*Description of the task*
Please give all of the data again, character for character, and drop the pictures.

***

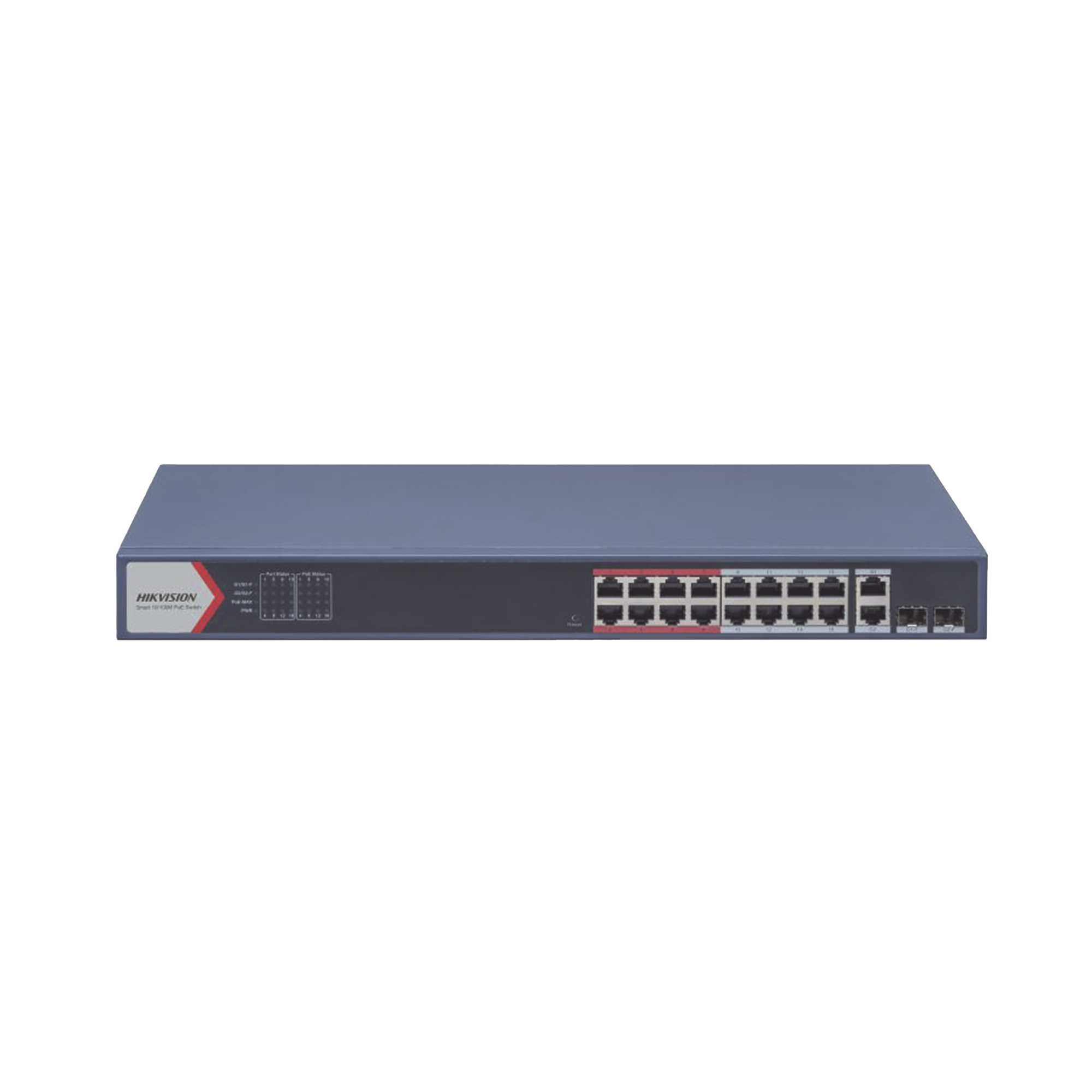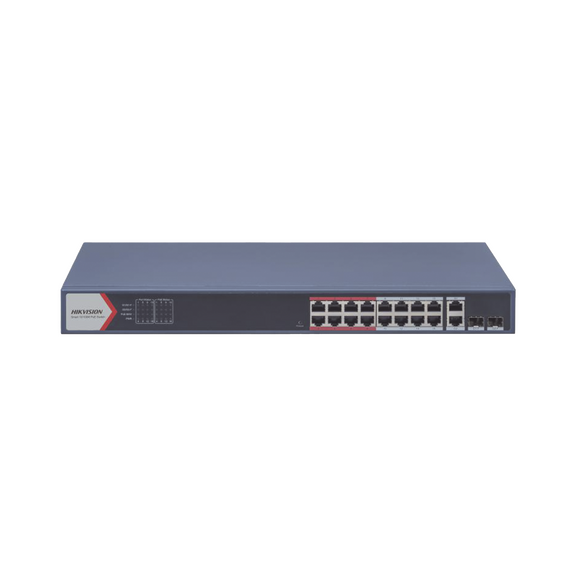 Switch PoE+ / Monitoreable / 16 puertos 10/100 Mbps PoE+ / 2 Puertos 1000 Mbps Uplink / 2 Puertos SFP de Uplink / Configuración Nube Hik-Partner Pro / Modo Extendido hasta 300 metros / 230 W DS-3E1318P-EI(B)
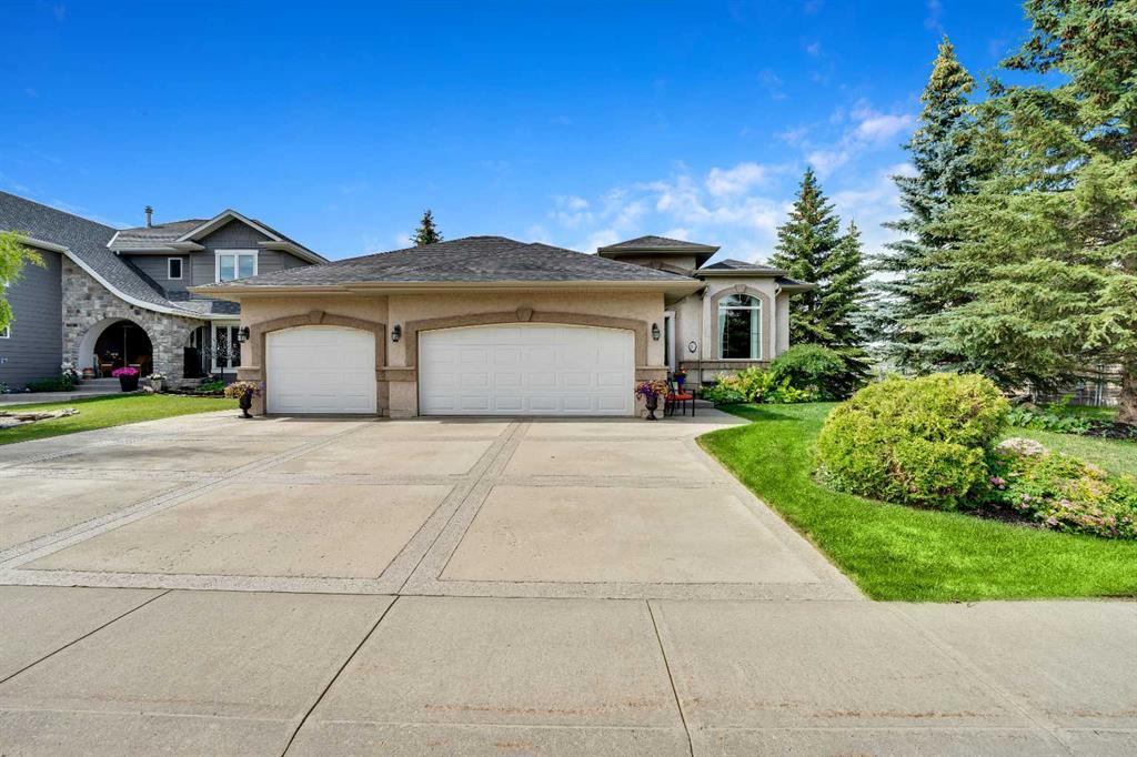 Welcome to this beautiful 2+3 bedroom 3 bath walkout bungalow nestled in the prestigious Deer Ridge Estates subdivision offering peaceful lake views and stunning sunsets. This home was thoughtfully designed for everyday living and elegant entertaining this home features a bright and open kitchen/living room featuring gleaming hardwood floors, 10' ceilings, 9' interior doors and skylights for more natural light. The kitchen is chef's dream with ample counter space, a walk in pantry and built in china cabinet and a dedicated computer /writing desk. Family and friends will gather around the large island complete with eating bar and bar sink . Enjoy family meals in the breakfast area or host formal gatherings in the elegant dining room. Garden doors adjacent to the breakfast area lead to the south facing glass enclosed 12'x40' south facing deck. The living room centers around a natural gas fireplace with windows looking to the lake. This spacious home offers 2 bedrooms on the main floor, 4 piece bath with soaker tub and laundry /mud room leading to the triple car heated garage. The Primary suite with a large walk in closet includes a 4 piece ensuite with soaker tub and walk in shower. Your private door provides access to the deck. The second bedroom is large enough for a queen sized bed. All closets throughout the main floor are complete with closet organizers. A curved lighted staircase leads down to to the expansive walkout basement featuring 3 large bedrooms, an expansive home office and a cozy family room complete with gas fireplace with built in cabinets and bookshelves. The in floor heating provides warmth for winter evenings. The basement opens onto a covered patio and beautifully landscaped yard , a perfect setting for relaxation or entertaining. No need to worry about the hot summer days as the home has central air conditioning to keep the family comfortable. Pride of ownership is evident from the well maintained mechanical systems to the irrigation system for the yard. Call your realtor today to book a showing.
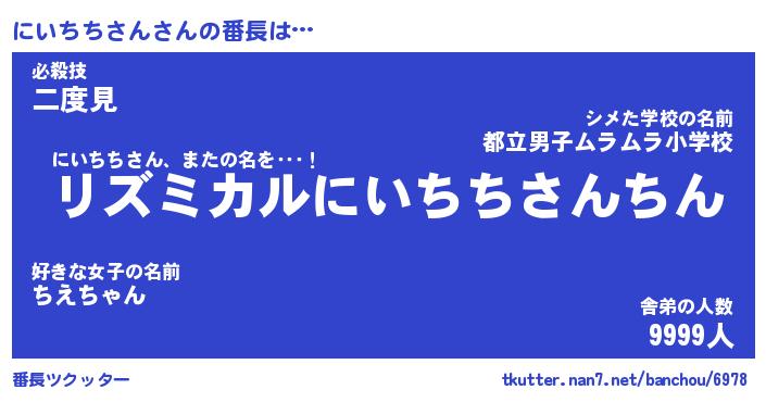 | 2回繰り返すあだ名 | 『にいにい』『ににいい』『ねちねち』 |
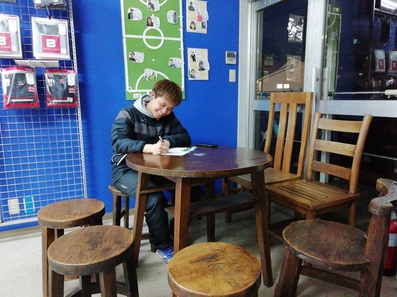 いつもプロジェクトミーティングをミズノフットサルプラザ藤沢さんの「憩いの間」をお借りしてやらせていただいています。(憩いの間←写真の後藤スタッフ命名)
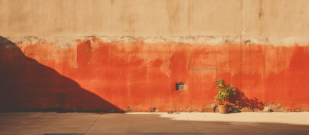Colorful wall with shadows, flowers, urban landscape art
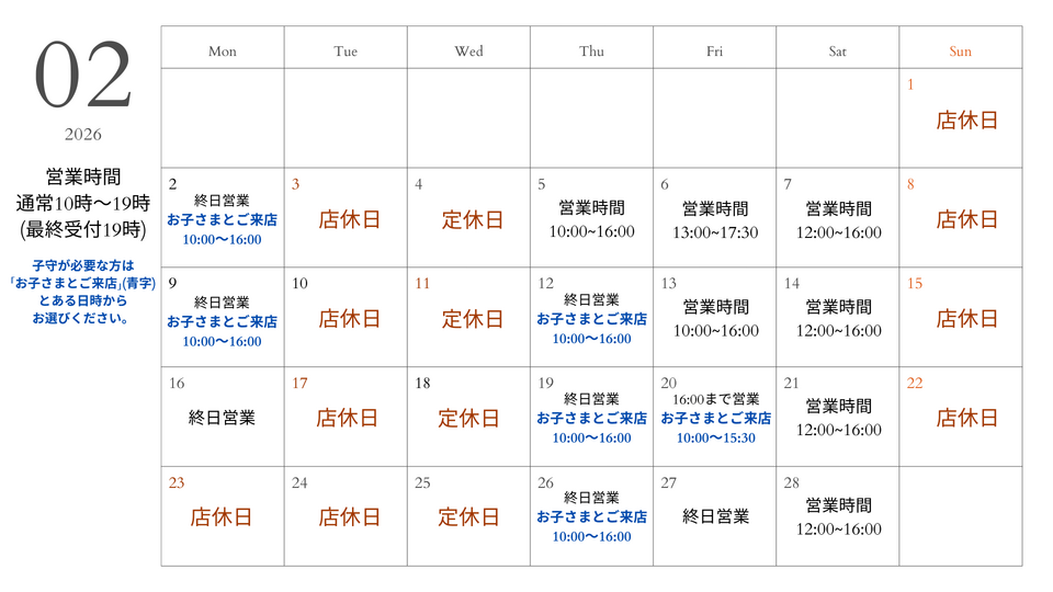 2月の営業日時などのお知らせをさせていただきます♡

***

*Result of the exercise*
 Switch PoE+ / Monitoreable / 16 puertos 10/100 Mbps PoE+ / 2 Puertos 1000 Mbps Uplink / 2 Puertos SFP de Uplink / Configuración Nube Hik-Partner Pro / Modo Extendido hasta 300 metros / 230 W DS-3E1318P-EI(B)
 Welcome to this beautiful 2+3 bedroom 3 bath walkout bungalow nestled in the prestigious Deer Ridge Estates subdivision offering peaceful lake views and stunning sunsets. This home was thoughtfully designed for everyday living and elegant entertaining this home features a bright and open kitchen/living room featuring gleaming hardwood floors, 10' ceilings, 9' interior doors and skylights for more natural light. The kitchen is chef's dream with ample counter space, a walk in pantry and built in china cabinet and a dedicated computer /writing desk. Family and friends will gather around the large island complete with eating bar and bar sink . Enjoy family meals in the breakfast area or host formal gatherings in the elegant dining room. Garden doors adjacent to the breakfast area lead to the south facing glass enclosed 12'x40' south facing deck. The living room centers around a natural gas fireplace with windows looking to the lake. This spacious home offers 2 bedrooms on the main floor, 4 piece bath with soaker tub and laundry /mud room leading to the triple car heated garage. The Primary suite with a large walk in closet includes a 4 piece ensuite with soaker tub and walk in shower. Your private door provides access to the deck. The second bedroom is large enough for a queen sized bed. All closets throughout the main floor are complete with closet organizers. A curved lighted staircase leads down to to the expansive walkout basement featuring 3 large bedrooms, an expansive home office and a cozy family room complete with gas fireplace with built in cabinets and bookshelves. The in floor heating provides warmth for winter evenings. The basement opens onto a covered patio and beautifully landscaped yard , a perfect setting for relaxation or entertaining. No need to worry about the hot summer days as the home has central air conditioning to keep the family comfortable. Pride of ownership is evident from the well maintained mechanical systems to the irrigation system for the yard. Call your realtor today to book a showing.
 | 2回繰り返すあだ名 | 『にいにい』『ににいい』『ねちねち』 |
 いつもプロジェクトミーティングをミズノフットサルプラザ藤沢さんの「憩いの間」をお借りしてやらせていただいています。(憩いの間←写真の後藤スタッフ命名)
Colorful wall with shadows, flowers, urban landscape art
 2月の営業日時などのお知らせをさせていただきます♡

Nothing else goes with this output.